ABC Article on Creation Museum Visit Misrepresents Atheist Bus Slogan

The recent Creation Museum visit taken by 300 secularists has been getting lots of attention and even an article from ABC. While overall I found the article to be pretty fair and balanced, I couldn’t help noticing that there was an error. You may have heard the story of Derek Rodgers (namedrop: I knew him personally before he became famous!) who got kicked out for wearing a shirt that said “There’s probably no God, now stop worrying and enjoy your life.” In the article, the shirt, and the bus campaign slogan, is quoted as saying “There’s probably no God, so get over it.”

Now, a quick Google image search, and the above photo (although you still can’t really see the shirt all that clearly) are evidence that that’s not what the slogan actually says.

Minor error? You might say that, but there’s also some cheesy saying about the devil being in the details.

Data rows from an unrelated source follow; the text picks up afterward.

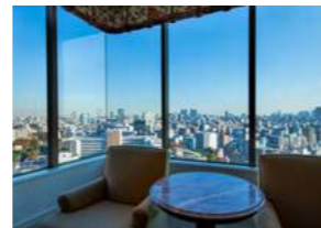
City View シティビュー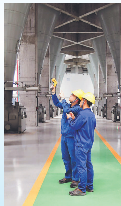
▲ 湖南公司运维人员认真排查隐患,为千家万户送去清凉与光明。图为巡检员正在检查锅炉原煤仓和给煤机。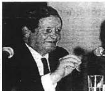
EL PROCURADOR capitalino, Samuel del Villar, en conferencia de prensa, dio a conocer los pormenores de los operativos en Tepito, los que calificó de positivos ya que permitieron garantizar la seguridad y derechos de comerciantes, transeúntes y vecinos.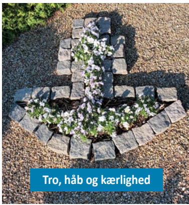
Tro, håb og kærlighed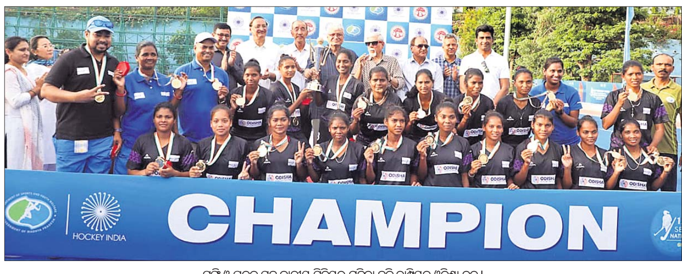
ପୁରୀ ଓ ପଦକ ସହ ଜାତୀୟ ସିନିୟର ମହିଳା ହକି ଚାମ୍ପିୟନ ଓଡ଼ିଶା ଦଳ।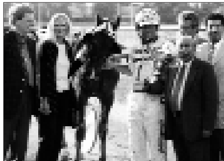
Seine Hoheit Sayyid Faisal bin Ali al Said bei der Überreichung des Siegerpokals.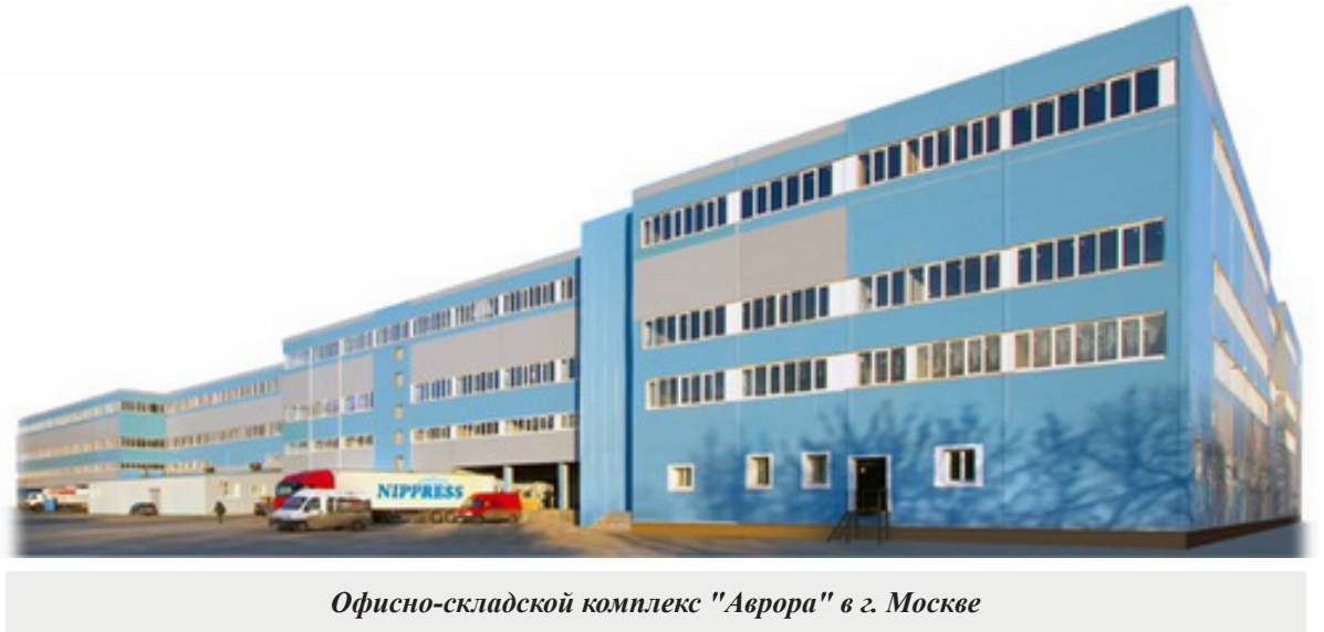
Офисно-складской комплекс "Аврора" в г. Москве

I would say that there is a big difference between saying that the shirt said “stop worrying and enjoy your life” and “get over it.” The devoutly religious will probably still be offended either way, but the average passerby who reads “get over it” probably thinks to himself or herself “humph, those rude Atheists are at it again being rude” whereas they’d be less likely to react negatively to the former.

So what did I do about it besides hash out a blog post? I sent ABCNews.com an e-mail using this comment form with the category of “Inaccurate Information”, told them I was an acquaintance of Derek Rodgers and happened to know what the shirt said, and politely suggested that they Google-image searched the Atheist Bus Campaign.

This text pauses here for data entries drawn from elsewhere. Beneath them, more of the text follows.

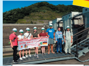
ダムと一緒に記念撮影

8月4日(金)に、国際交流研修の一環でドイツのスポーツ少年団の皆さんが御所ダム見学に訪れました。この日は御所湖広域公園艇庫でカヌー体験も行い、御所湖ができるきっかけとなったダムの概要をドイツ語訳のスライドで説明、その後操作室と監査廊の見学をしました。見学中は多くの質問と「ダムの中に入ることが出来てワクワクした」などの感想がありました。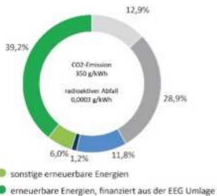
Unser Gesamtenergieträgermix (ohne Anteil Erneuerbare Energien, finanziert aus der EEG-Umlage)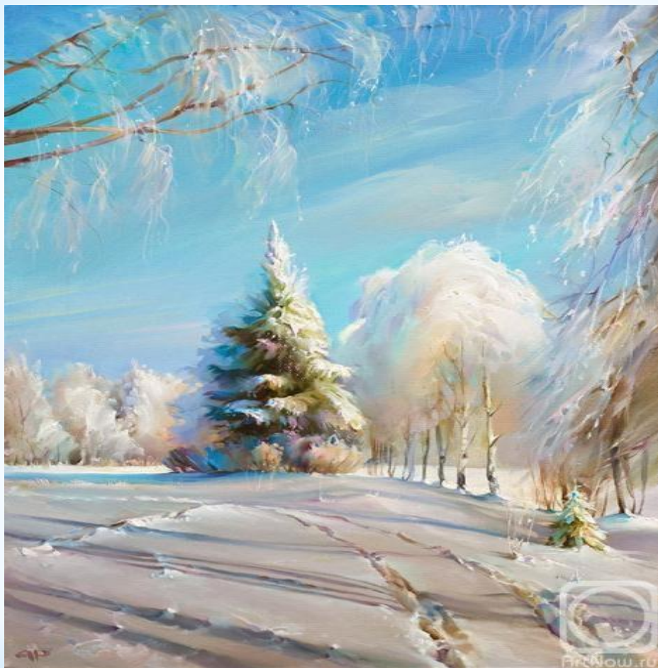
* Романов Роман «Зимний день»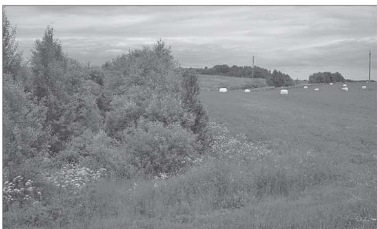
Nederlingose žemėse ūkininkaujantys žemdirbiai gali gauti paramą, skiriamą už kiekvieną žemės ūkio paskirties žemės hektarą.

Anot specialistės, esminis dalykas yra tas, kad nuo 2018 m. naudojamas naujas žemėlapis, o jo pagrindu remiamos vietovės, kuriose esama gamtinių arba specifinių kliūčių. R. Motiejaitės teigimu, žemėlapis buvo parengtas vadovaujantis Europos Komisijos patvirtinta išskyrimo tvarka, privaloma visoms šalims narėms. Pašnekovė pabrėžė, kad 2018 m. paraiškų priėmimas vyksta pagal šią žemėlapyje nustatytą naują gamtinių ar kitų specifinių kliūčių vietovių ribas. Kai kurios seniūnijos (168), pasak specialistės, to nepajus, bet 69 seniūnijos, kurių bendras žemės ūkio paskirties plotas sudaro apie 500 tūkst. ha, pajus ribų pasikeitimą. Šios seniūnijos neatitiko vietovių, kuriose esama didelių gamtinių kliūčių, išskyrimo sąlygose nurodytų reikalavimų ir todėl nepateko į naują žemėlapi, taip pat netek-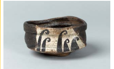
黒織部波文茶碗 松恵コレクション 桃山時代(17世紀)美濃窯

初公開の茶道具を中心とした「松恵コレ クション」や、中国陶磁の酒器を中心とし た「入江正信コレクション」などを、オム ニバス方式で紹介します。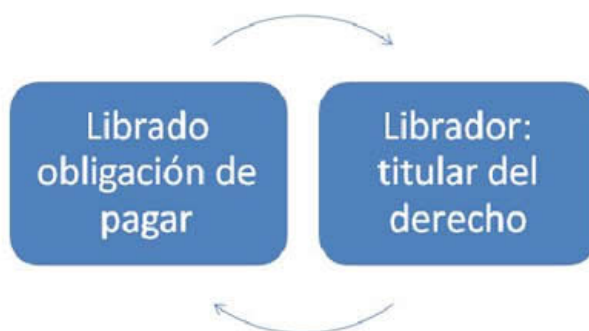
Imagen 9. Elaboración propia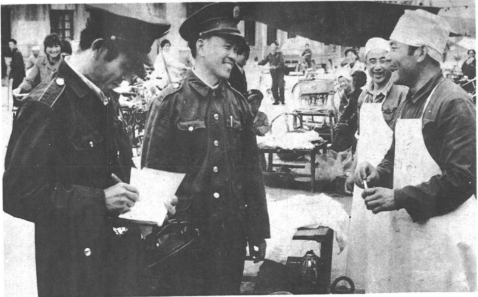
郑城税务所干部在集上收税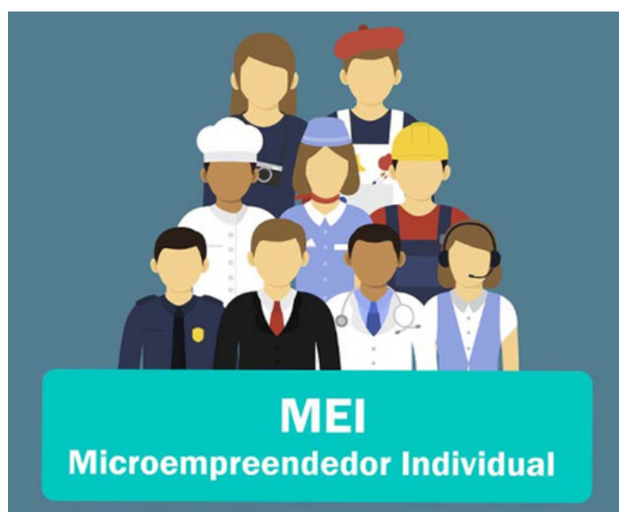
Pesquisadora: Ev. Katia Cristina Texto Talita Andrade

Nesta terça-feira (1º) começou valer a resolução que permite que microempreendedores individuais (MEI) sejam dispensados de alvará, ato público de liberação de atividades econômicas relativas à categoria. Um regra que foi aprovada em Agosto, por Comitê para Gestão da Rede Nacional para Simplificação do Registro e da Legalização de Empresas e Negócios (CGSIM).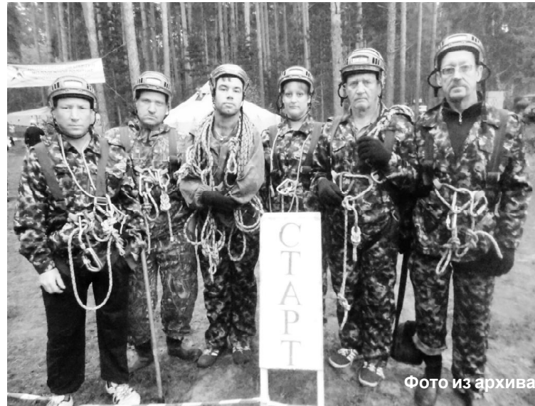
Фото из архива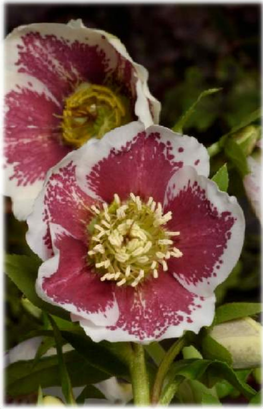
'White Spotted' WS n°80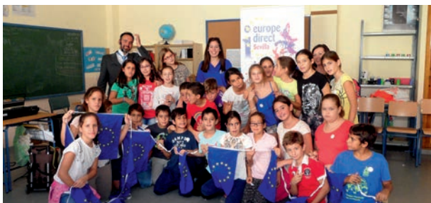
Niños en la actividad "La UE en las Escuelas"

El objetivo era difundir entre los alumnos de primaria los principios y valores de la UE, así como sus símbolos de una forma divertida. 125 alumnos de primaria se beneficiaron de esta actividad.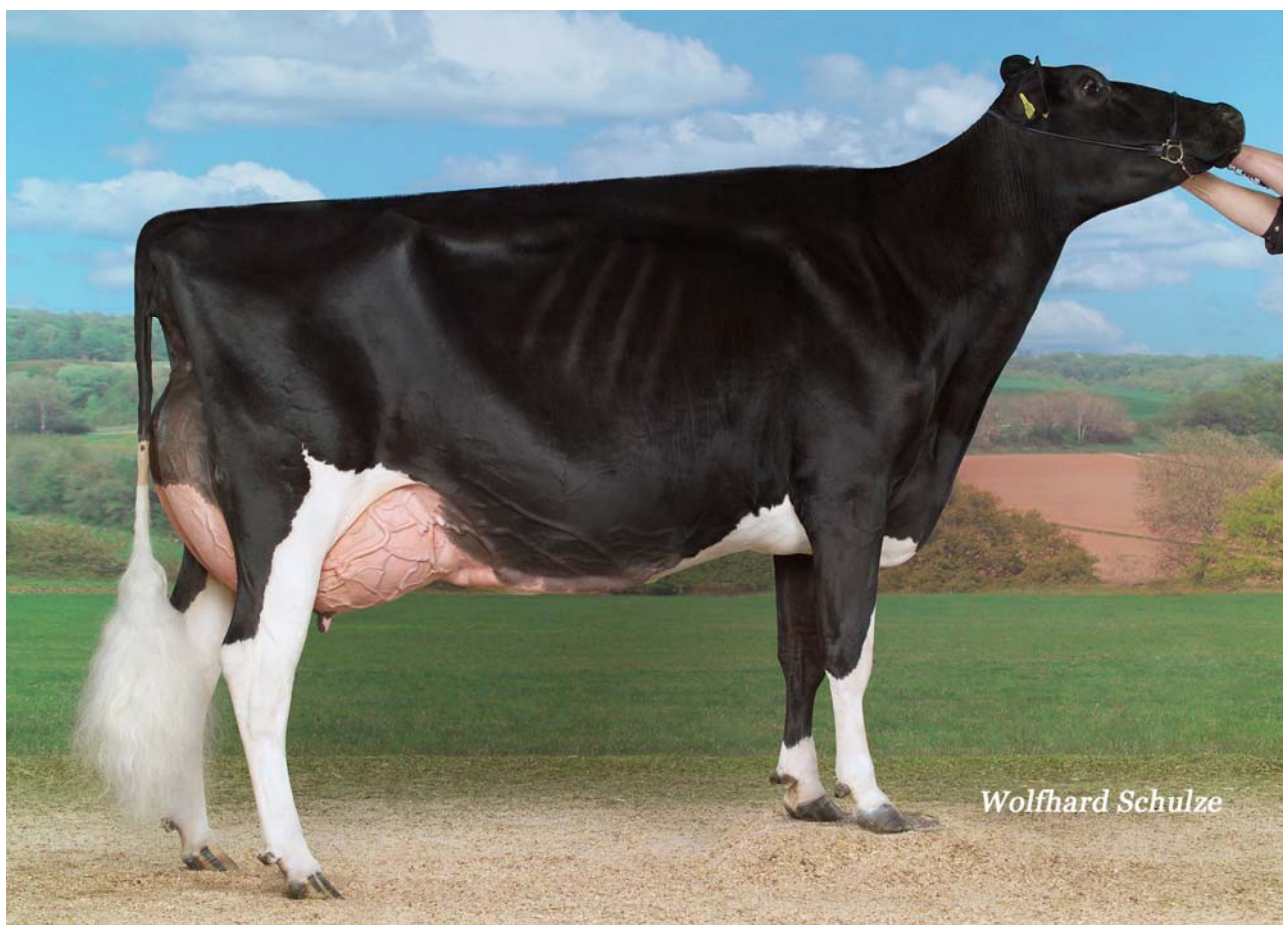
Die Grossmutter von Sid Enjoy: Du Bon Vent Stormatic Atacama EX-95 2E

Enjoy ist eine Zuchtkuh aus der bekannten Du Bon Vent Stormatic Atacama EX-95. Sie gewann unter anderem die Expo Bulle 2012 und wurde im gleichen Jahr vom Holstein Fachmagazin HI hinter RF Goldwyn Hailey zur Vice - Weltsiegerin gewählt. Enjoy ist in der 1. Lakt. G+ 84 mit einem VG-87 Euter eingestuft.

What I’d like to know is why more people don’t seem to get worked up about this sort of thing. My experience with a few non-atheism-related errors in articles in the past is that they get fixed. The BBC once did a sloppy job of changing an article that said the Columbine shootings occured “in Denver, Colorado” by saying they occured “near Denver” but these people pay attention to these things nonetheless. They do have reputations at stake.

And Atheists have reputations too.

News sources usually do have means of contact for tips like these from the general population and they’re not hard to find. What I don’t understand is why more people don’t do that. If you can write a letter to a senator, or, hell, if you can get worked up because somebody once spread a nasty rumor about you at school, you can find the motivation to fix errors in widely read news sources where people get their information from.

And again, here’s a link to that small little contact form.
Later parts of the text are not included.